Task instructions — The answer is the full listing restated exactly, without any pictures.

The data —
----------------------------------------

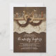 Brown Rustic and country bridal shower invitations with horseshoes couple, vintage lace, barn wood and baby's breath flowers
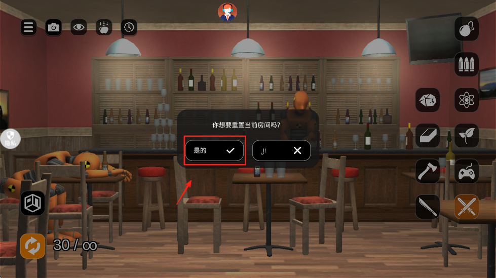 4、完成教程后,点击“是的”确认重置房间,开始自由探索和游戏。
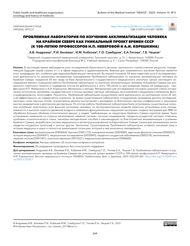 Проблемная лаборатория по изучению акклиматизации человека на Крайнем Севере как уникальный проект времен СССР (к 100-летию профессоров Н.П. Неверовой и А.И. Корешкина)

----------------------------------------

Answer to this problem —
 Brown Rustic and country bridal shower invitations with horseshoes couple, vintage lace, barn wood and baby's breath flowers
 4、完成教程后,点击“是的”确认重置房间,开始自由探索和游戏。
 Проблемная лаборатория по изучению акклиматизации человека на Крайнем Севере как уникальный проект времен СССР (к 100-летию профессоров Н.П. Неверовой и А.И. Корешкина)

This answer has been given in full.